----- RECORDED DATA
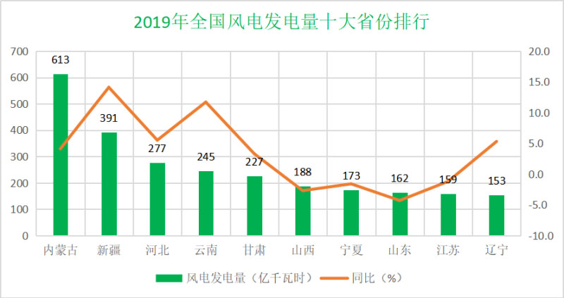 2019年,全國(guó)風(fēng)電發(fā)電量排行前十的省份分別是:內(nèi)蒙古612.8億千瓦時(shí)、新疆391.4億千瓦時(shí)、河北277.3億千瓦時(shí)、云南245.3億千瓦時(shí)、甘肅226.9億千瓦時(shí)、山西188.1億千瓦時(shí)、寧夏173億千瓦時(shí)、山東162.4億千瓦時(shí)、江蘇158.6億千瓦時(shí)、遼寧153.1億千瓦時(shí)。
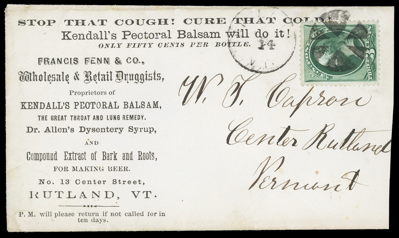 Pectoral Balsam Will Do It, Francis Fenn & Co., Rutland, Vt. Printed advertising on cover bearing 3¢ green (158) well centered, tied by neat circle of wedges cancel duplexed with "Rutland Vt." cds to Center Rutland Vt.; reduced at
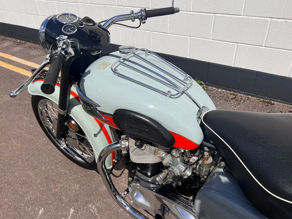Triumph T120 Tangerine Dream 650cc 1959. In excellent condition having been fully restored in 2013 by Magpie of Coventry. Only 233 miles on the clock with matching engine and frame numbers. Stars runs and rides very well. A very rare machine and this is a great example!
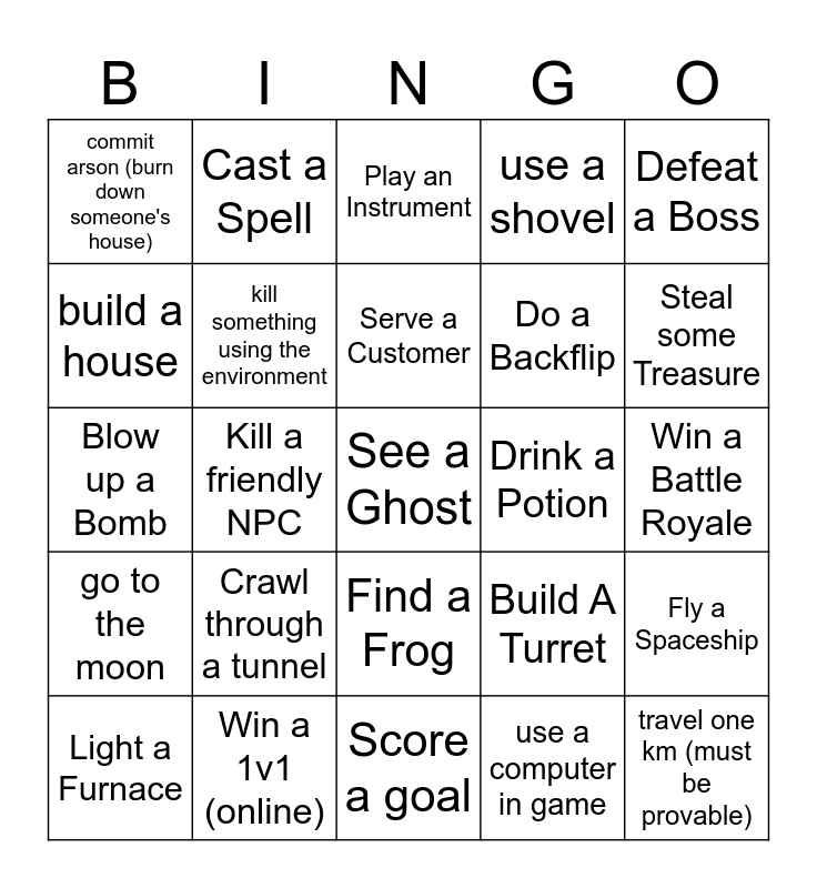 This bingo card has 25 words: Crawl through a tunnel, Score a goal, Serve a Customer, Light a Furnace, Defeat a Boss, commit arson (burn down someone's house), build a house, Cast a Spell, Drink a Potion, Find a Frog, Do a Backflip, Blow up a Bomb, Build A Turret, Fly a Spaceship, kill something using the environment, travel one km (must be provable), Win a Battle Royale, Play an Instrument, Steal some Treasure, Kill a friendly NPC, See a Ghost, Win a 1v1 (online), go to the moon, use a shovel and use a computer in game.
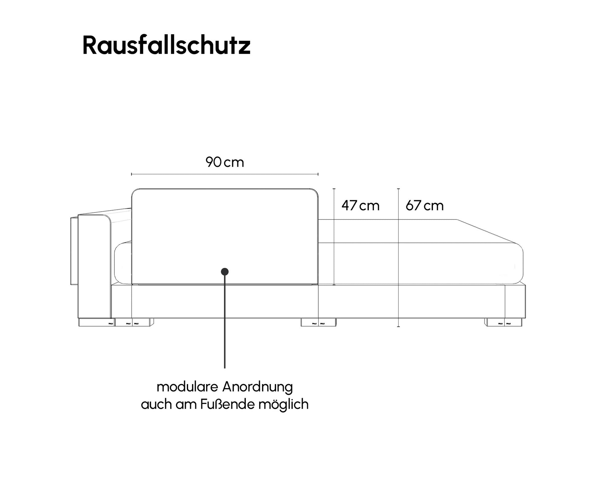 Wir setzen auf Monomaterialien, Produktion in Deutschland und ein durchdachtes Design, das echte Kreislauffähigkeit ermöglicht. Der Rahmen, das Kopfteil und der Rausfallschutz bestehen aus innovativem EPP, das zu 95 % aus Luft und zu 100 % recycelbar ist – extrem leicht, kompakt verpackt und damit nicht nur CO₂-sparend im Transport, sondern auch besonders kraftschonend im Aufbau - komplett ohne Werkzeug.
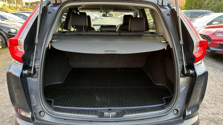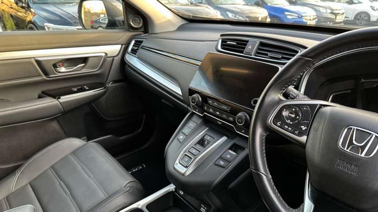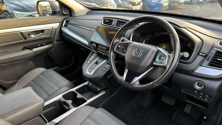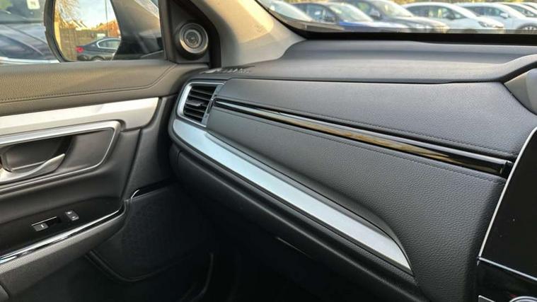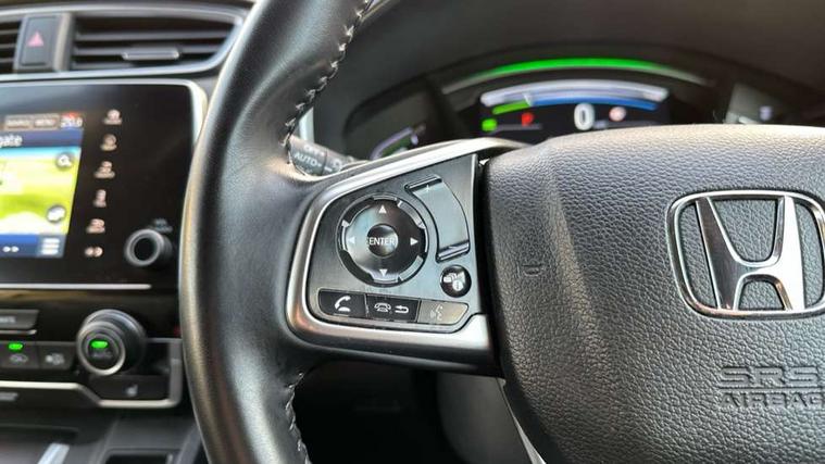 Adaptive cruise control, Agile handling assist, BLIS (Blind Spot Information System) with dual power heated blind spot mirrors, Bluetooth hands free telephone connection, E-call, Economy mode, Electric power steering, Emergency stop signalling system, Forward collision warning, Front parking sensors, Honda CONNECT with GARMIN Navigation + 7" touchscreen, DAB radio, Apple CarPlay, Android Auto, Aha app integration and internet browsing, Intelligent multi info display, Lane departure warning system, Lane keep assist system, Low speed following, Rear parking sensors, Rear view camera, Road departure mitigation, Speed limiter, Traffic sign recognition, Vehicle stability assist, 2 USB sockets in rear, 2x USB sockets in front, 9 speakers, DAB Digital radio, Dashboard centre speaker, Front tweeters, Steering wheel mounted controls, Subwoofer, Aspheric door mirrors, Auto dimming rear view mirror, Automatic headlights with dusk sensor, Body colour bumpers, Body colour door handles, Cornering light, Door mirrors tilt when reversing, Electric front windows/one touch facility, Electric rear windows + one touch facility, Electrically adjustable and heated door mirrors, Electrically retractable door mirrors, Front windscreen de-icer, High beam assist, LED daytime running lights, LED front fog lights, LED Headlights, LED rear lights, Rain sensor, Rear privacy glass, Rear side wing doors, Rear wiper, Roof rails, Shark fin roof aerial, Third brake light, Welcome home function, 3 seat bench in 2nd row, 60/40 split folding rear seat, Accessory sockets, Ambient interior lighting, AWD emblem rear, Cargo hooks, Courtesy lights, Driver's electric adjustable lumbar support, Driver/passenger front seatback pockets, Driver/passenger sunvisors with illuminated vanity mirrors, Dual zone automatic climate control, Electric lumbar adjustment on passenger's seat, Front centre armrest, Front map lights, Front passenger seat height adjust, Heated front seats, Height adjustable driver's seat, Hybrid emblem, Illuminated glovebox, Instrument panel with garnish wood film, Isofix child seat preparation, Leather steering wheel, Leather upholstery, Paddle shift controls, Rear air vents, Rear centre armrest, Rear headrests, Rear reading lights, Rear seat conversation mirror, Silver interior door handles, Single front passenger seat, Sunglasses holder with mirror, Tilt/telescopic adjustable steering wheel, Tonneau cover, Trunk light, 5 x 3 point seatbelts, ABS/EBD, Anti-whiplash front headrests, Brake assist function, Collision mitigation braking system, Deflation detection system, Driver airbag, Electronic parking brake with auto hold, Front and rear curtain airbags, Front and rear seat belts with emergency locking retractor (ELR), Front side airbags, Hill start assist, Manual child lock in rear doors, Passenger airbag deactivate switch, Honda super locks, Immobiliser, Security alarm, Smart entry + Smart start, Ultrasonic security sensor, Tyre repair kit,
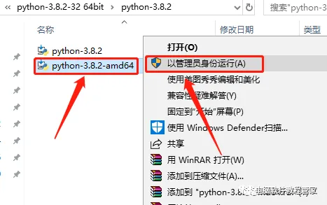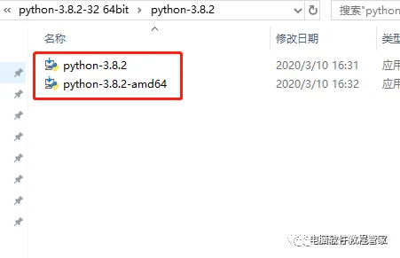 3.如果你的电脑是64位操作系统,选择【python-3.8.2.amd64】安装程序,如果电脑是32位操作系统,选择【python-3.8.2】安装程序。
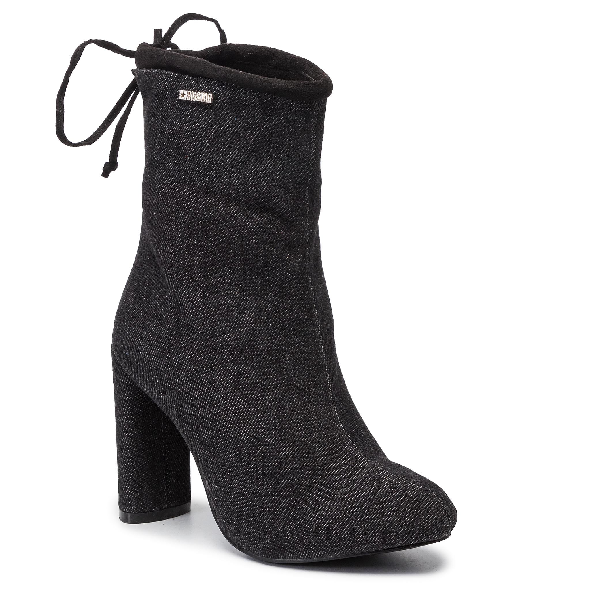 Wygodne botki marki BIG STAR. Przyjemnie układająca się na stopie cholewka to Materiał - Materiał. Zgrabniejszy wygląd zyskują dzięki obcasom o wysokości 9,5 cm. Wewnętrzna wyściółka to materiał. Wkładka to skóra ekologiczna. Podeszwa izolująca, to wysokogatunkowe tworzywo. Idealne na chłodniejsze dni.
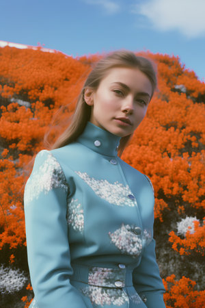Portrait of a beautiful girl in a blue coat on a background of yellow flowers
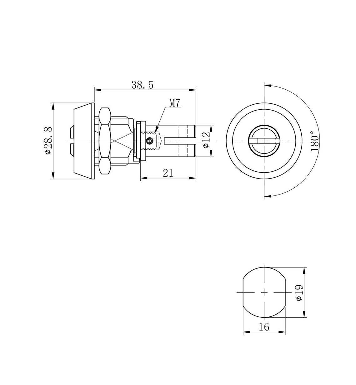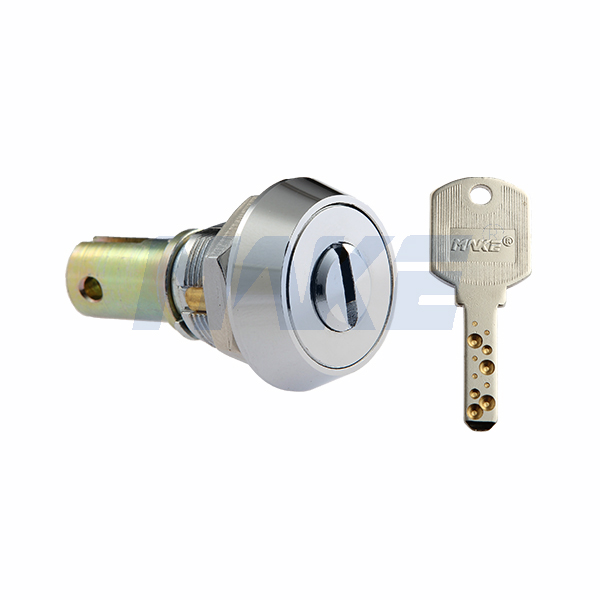 ●产品介绍 美科自动售货机锁自动贩卖机锁MK114-18,具有弹子钥匙系统,可旋转180°,带槽长杆,采用锌合金和铜制作而成,安装便捷,支持定制。此款锁具大小适中,适合在多种机箱上使用,例如售货亭锁,服务器锁,机箱机柜锁,无人售货机锁,智能终端锁等。
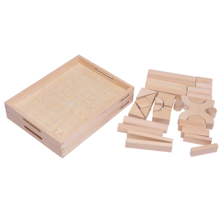 Kinderen vanaf 3 jaar kunnen de robuuste bouwblokken gemakkelijk vastpakken en spelenderwijs hun denkvermogen, creativiteit en motoriek ontwikkelen. Afhankelijk van de variant kunnen ze in verschillende speelmogelijkheden ook kennis maken met geometrie. Daartoe zijn op de binnen-bodem van elke afzonderlijke lade lijnen in de vorm van de verschillende bouwblokken gedrukt. Dit helpt de kinderen om de blokken bewust op de juiste plaats te leggen volgens het patroon. Zo worden ze zich nog meer bewust van alle geometrische vormen. Ze trainen vorm-grootte matching, congruentie en hand-oog coördinatie.
----------
• WHAT YOU WILL DO: Please transcribe all of the entries exactly and omit any picture they hold.

• RESPONSE:
 2019年,全國(guó)風(fēng)電發(fā)電量排行前十的省份分別是:內(nèi)蒙古612.8億千瓦時(shí)、新疆391.4億千瓦時(shí)、河北277.3億千瓦時(shí)、云南245.3億千瓦時(shí)、甘肅226.9億千瓦時(shí)、山西188.1億千瓦時(shí)、寧夏173億千瓦時(shí)、山東162.4億千瓦時(shí)、江蘇158.6億千瓦時(shí)、遼寧153.1億千瓦時(shí)。
 Pectoral Balsam Will Do It, Francis Fenn & Co., Rutland, Vt. Printed advertising on cover bearing 3¢ green (158) well centered, tied by neat circle of wedges cancel duplexed with "Rutland Vt." cds to Center Rutland Vt.; reduced at
Triumph T120 Tangerine Dream 650cc 1959. In excellent condition having been fully restored in 2013 by Magpie of Coventry. Only 233 miles on the clock with matching engine and frame numbers. Stars runs and rides very well. A very rare machine and this is a great example!
 This bingo card has 25 words: Crawl through a tunnel, Score a goal, Serve a Customer, Light a Furnace, Defeat a Boss, commit arson (burn down someone's house), build a house, Cast a Spell, Drink a Potion, Find a Frog, Do a Backflip, Blow up a Bomb, Build A Turret, Fly a Spaceship, kill something using the environment, travel one km (must be provable), Win a Battle Royale, Play an Instrument, Steal some Treasure, Kill a friendly NPC, See a Ghost, Win a 1v1 (online), go to the moon, use a shovel and use a computer in game.
 Wir setzen auf Monomaterialien, Produktion in Deutschland und ein durchdachtes Design, das echte Kreislauffähigkeit ermöglicht. Der Rahmen, das Kopfteil und der Rausfallschutz bestehen aus innovativem EPP, das zu 95 % aus Luft und zu 100 % recycelbar ist – extrem leicht, kompakt verpackt und damit nicht nur CO₂-sparend im Transport, sondern auch besonders kraftschonend im Aufbau - komplett ohne Werkzeug.
 Adaptive cruise control, Agile handling assist, BLIS (Blind Spot Information System) with dual power heated blind spot mirrors, Bluetooth hands free telephone connection, E-call, Economy mode, Electric power steering, Emergency stop signalling system, Forward collision warning, Front parking sensors, Honda CONNECT with GARMIN Navigation + 7" touchscreen, DAB radio, Apple CarPlay, Android Auto, Aha app integration and internet browsing, Intelligent multi info display, Lane departure warning system, Lane keep assist system, Low speed following, Rear parking sensors, Rear view camera, Road departure mitigation, Speed limiter, Traffic sign recognition, Vehicle stability assist, 2 USB sockets in rear, 2x USB sockets in front, 9 speakers, DAB Digital radio, Dashboard centre speaker, Front tweeters, Steering wheel mounted controls, Subwoofer, Aspheric door mirrors, Auto dimming rear view mirror, Automatic headlights with dusk sensor, Body colour bumpers, Body colour door handles, Cornering light, Door mirrors tilt when reversing, Electric front windows/one touch facility, Electric rear windows + one touch facility, Electrically adjustable and heated door mirrors, Electrically retractable door mirrors, Front windscreen de-icer, High beam assist, LED daytime running lights, LED front fog lights, LED Headlights, LED rear lights, Rain sensor, Rear privacy glass, Rear side wing doors, Rear wiper, Roof rails, Shark fin roof aerial, Third brake light, Welcome home function, 3 seat bench in 2nd row, 60/40 split folding rear seat, Accessory sockets, Ambient interior lighting, AWD emblem rear, Cargo hooks, Courtesy lights, Driver's electric adjustable lumbar support, Driver/passenger front seatback pockets, Driver/passenger sunvisors with illuminated vanity mirrors, Dual zone automatic climate control, Electric lumbar adjustment on passenger's seat, Front centre armrest, Front map lights, Front passenger seat height adjust, Heated front seats, Height adjustable driver's seat, Hybrid emblem, Illuminated glovebox, Instrument panel with garnish wood film, Isofix child seat preparation, Leather steering wheel, Leather upholstery, Paddle shift controls, Rear air vents, Rear centre armrest, Rear headrests, Rear reading lights, Rear seat conversation mirror, Silver interior door handles, Single front passenger seat, Sunglasses holder with mirror, Tilt/telescopic adjustable steering wheel, Tonneau cover, Trunk light, 5 x 3 point seatbelts, ABS/EBD, Anti-whiplash front headrests, Brake assist function, Collision mitigation braking system, Deflation detection system, Driver airbag, Electronic parking brake with auto hold, Front and rear curtain airbags, Front and rear seat belts with emergency locking retractor (ELR), Front side airbags, Hill start assist, Manual child lock in rear doors, Passenger airbag deactivate switch, Honda super locks, Immobiliser, Security alarm, Smart entry + Smart start, Ultrasonic security sensor, Tyre repair kit,
 3.如果你的电脑是64位操作系统,选择【python-3.8.2.amd64】安装程序,如果电脑是32位操作系统,选择【python-3.8.2】安装程序。
 Wygodne botki marki BIG STAR. Przyjemnie układająca się na stopie cholewka to Materiał - Materiał. Zgrabniejszy wygląd zyskują dzięki obcasom o wysokości 9,5 cm. Wewnętrzna wyściółka to materiał. Wkładka to skóra ekologiczna. Podeszwa izolująca, to wysokogatunkowe tworzywo. Idealne na chłodniejsze dni.
Portrait of a beautiful girl in a blue coat on a background of yellow flowers
 ●产品介绍 美科自动售货机锁自动贩卖机锁MK114-18,具有弹子钥匙系统,可旋转180°,带槽长杆,采用锌合金和铜制作而成,安装便捷,支持定制。此款锁具大小适中,适合在多种机箱上使用,例如售货亭锁,服务器锁,机箱机柜锁,无人售货机锁,智能终端锁等。
 Kinderen vanaf 3 jaar kunnen de robuuste bouwblokken gemakkelijk vastpakken en spelenderwijs hun denkvermogen, creativiteit en motoriek ontwikkelen. Afhankelijk van de variant kunnen ze in verschillende speelmogelijkheden ook kennis maken met geometrie. Daartoe zijn op de binnen-bodem van elke afzonderlijke lade lijnen in de vorm van de verschillende bouwblokken gedrukt. Dit helpt de kinderen om de blokken bewust op de juiste plaats te leggen volgens het patroon. Zo worden ze zich nog meer bewust van alle geometrische vormen. Ze trainen vorm-grootte matching, congruentie en hand-oog coördinatie.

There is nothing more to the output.